Whether its the beautiful 2d art in Dragonball Z Fighters or the stunning realism of Mortal Kombat, there is something to be enjoyed by everyone.

Then there are the moves which provide a visual feast for the eyes. Street Fighter IV introduced ultra combos which changed the game and provided cool, visual and exciting finishers. Soon, there were other games like Tekken that took note and introduced there own version of finishers.

3. Characters you can get attached to

What is a fighting game without its characters? Nothing, of course. Street Fighter 2 started the trend with only 8 characters, each with different moves and personalities. The latest iteration, Street Fighter V,  now has 35 characters!

But starting off you’ll probably only use a handful of characters. I think most fighting games do a good job of setting up unique personalities for each character.

This means you can quickly find the character that is right for you and then gets attached to that character. It’s hard to describe the feeling when you get attached to a fighting game character.

They almost become an extension of yourself. For example, in Street Fighter 5, I became attached to Guile. Not because I was in the Military saving the world and being a family man (I wish). The reason I picked Guile was that he was cool, calm and cautious, kind of like me (minus the hair) and that was reflected in my gameplay.

Because of the vast array of character in a fighting game, it’s hard not to like at least one character. And when you do, it makes the game that much more fun to play.

4. The challenge

Fighting games can be hard, yes, but this can also be seen as a positive. Fighting games have a lot of depth which can be incredibly rewarding to dive into if you invest the time.

For beginners it’s tough, but if you keep on playing and learning, you’ll get better and better and start having more fun. The challenging part of the game is what makes it interesting. For example, once you learn how to do the moves, the next part is learning combos, then, after that, you’ll learn pokes, and so on and so forth.
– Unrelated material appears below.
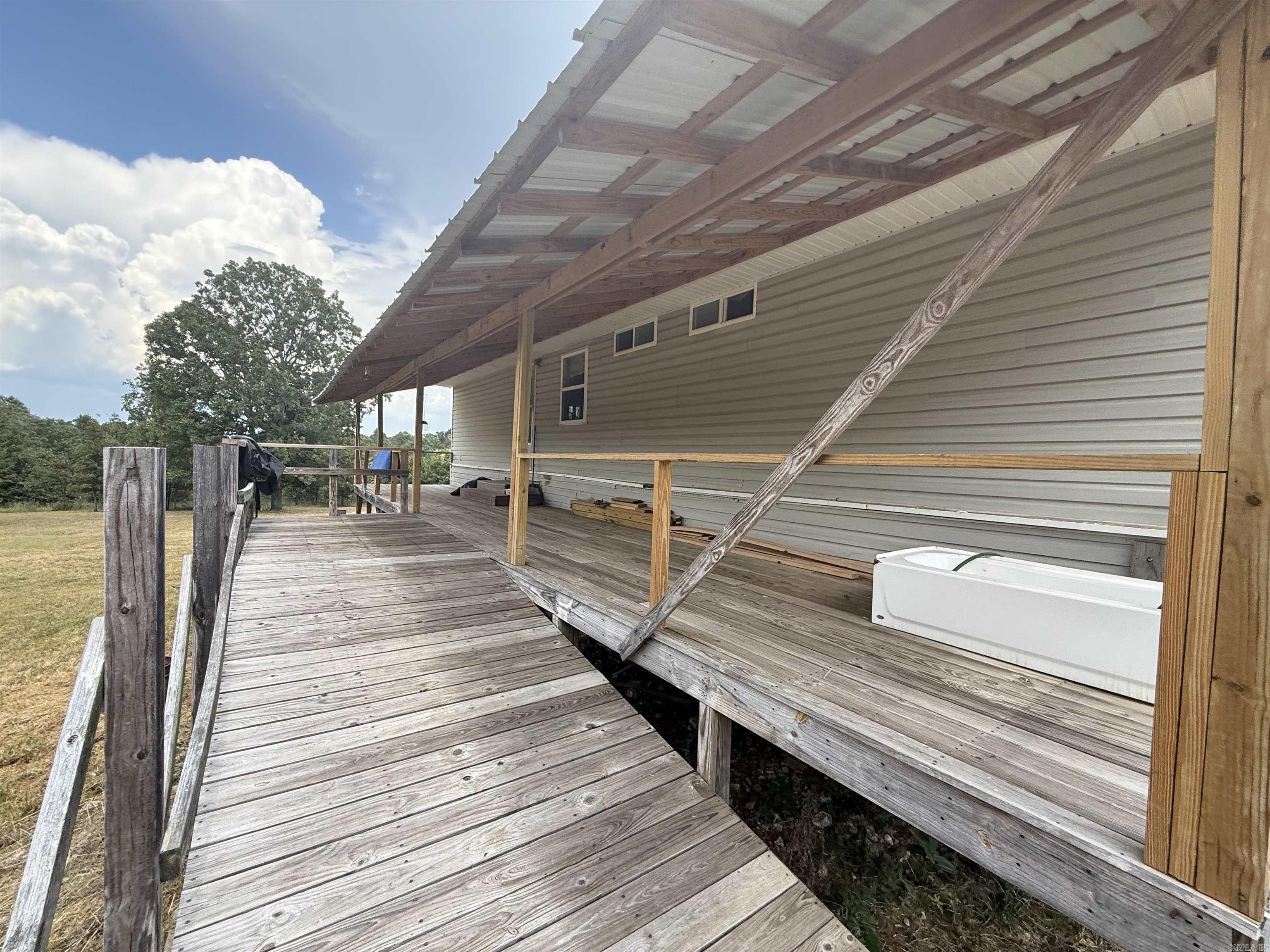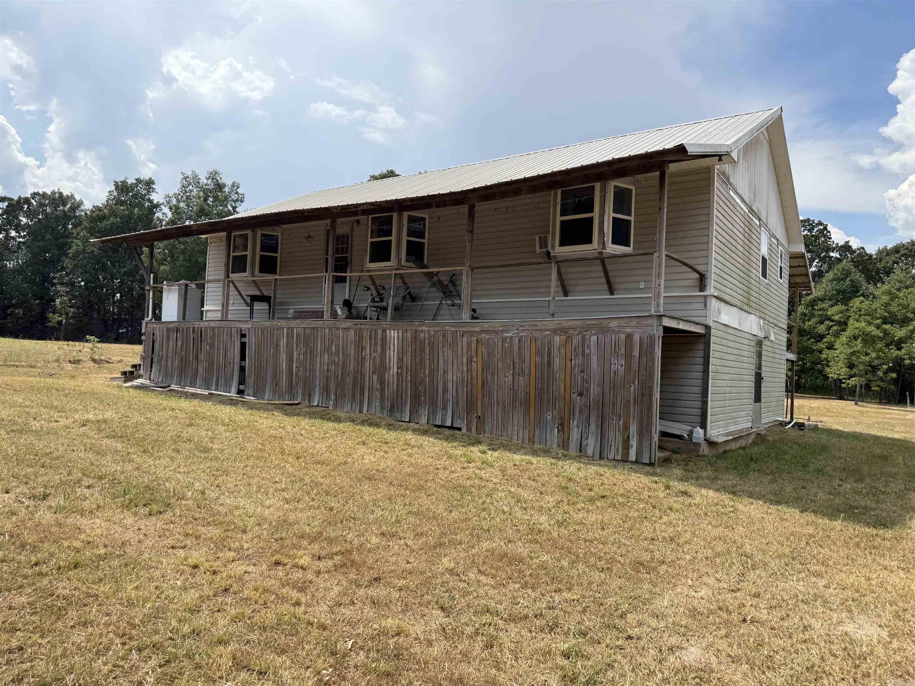 HOBBY FARM This 16-acre property offers a great mix of level to gently rolling land, with approximately 6 acres open and the balance in scattered young trees, making it ideal for a small farm, garden, or livestock. The 1,344 sq. ft. home is fully partitioned into six or more rooms, including three bedrooms, and is ready for finishing work to match your vision. One bedroom is mostly completed with a closet, while the rest of the home needs walls and ceilings finished, giving you the opportunity to finish it out to your liking. A covered front porch spans the entire front of the house, providing a great outdoor space and additional storage beneath. The home is equipped with central heat and air, a functioning bathroom, and space for a second bath. The property also includes a 972 sq. ft. basement, under the main floor, that houses the water heater and pressure tank for easy access. This area provides an abundance of storage and workspace, perfect for tools, equipment, or hobbies. A drilled well and septic are already installed and in working order, saving you time and investment. The home is set toward the back of the acreage, giving you a private and peaceful setting away from th

You’re always learning and moving forward. Of course, you don’t want things too difficult, but the beauty of fighting games is that it allows you to learn at your own pace. This makes you better as a player and makes you appreciate the game more for being tough.

I can’t tell you how rewarding it feels when you’ve pulled off a difficult combo, you’ve been practicing in training mode, in a real online match. All that hard work eventually pays off!

5. Competitive aspect

By design, fighting games are incredibly competitive. Unlike most team based games, it really is about the individual. This allows his or her skills to shine.

Fighting games also have a lot of depth when it comes to playing competitively. I would compare it to a game of chess. At high-level, players use strategy to win games; reacting to their opponent and choosing the right moves at the right time.

Tournaments have made fighting games so much fun to watch and play. There are pro players who are considered celebrities in their respective games.

Try searching on youtube for EVO hype moments and you’ll see why fighting games invoke some of the best reactions in e-sports.

6. Controllers

Arcade stick controllers are not unique to fighting games but boy did they make them cool.

Fighting games have increased the popularity of fightsticks. In fact, there are whole communities dedicated to building and customizing fightsticks. In addition, it’s encouraged creativity with stunning Fightstick art.

Not only do they improve you as a player but they are also a heck of a lot of fun to use.

 

3 Comments

  1. They’re boring because the reward for working hard to learn them is not worth it. There are so many games and so many new releases there is no point in ever bothering to master one – if you’re an average gamer.

    Just my POV.

    1. You are right on the money. Improving your own individual is a very meager reward for the time investment involved. Beating the guy that used to beat you isn’t much better, either.

    2. That’s true, at the highest levels, you find it’s just finding the same 3-5 pokes that have the best risk to reward. That’s boring to me, I could spend that time managing risk to reward and be an Actuary, and y’know, get paid for it.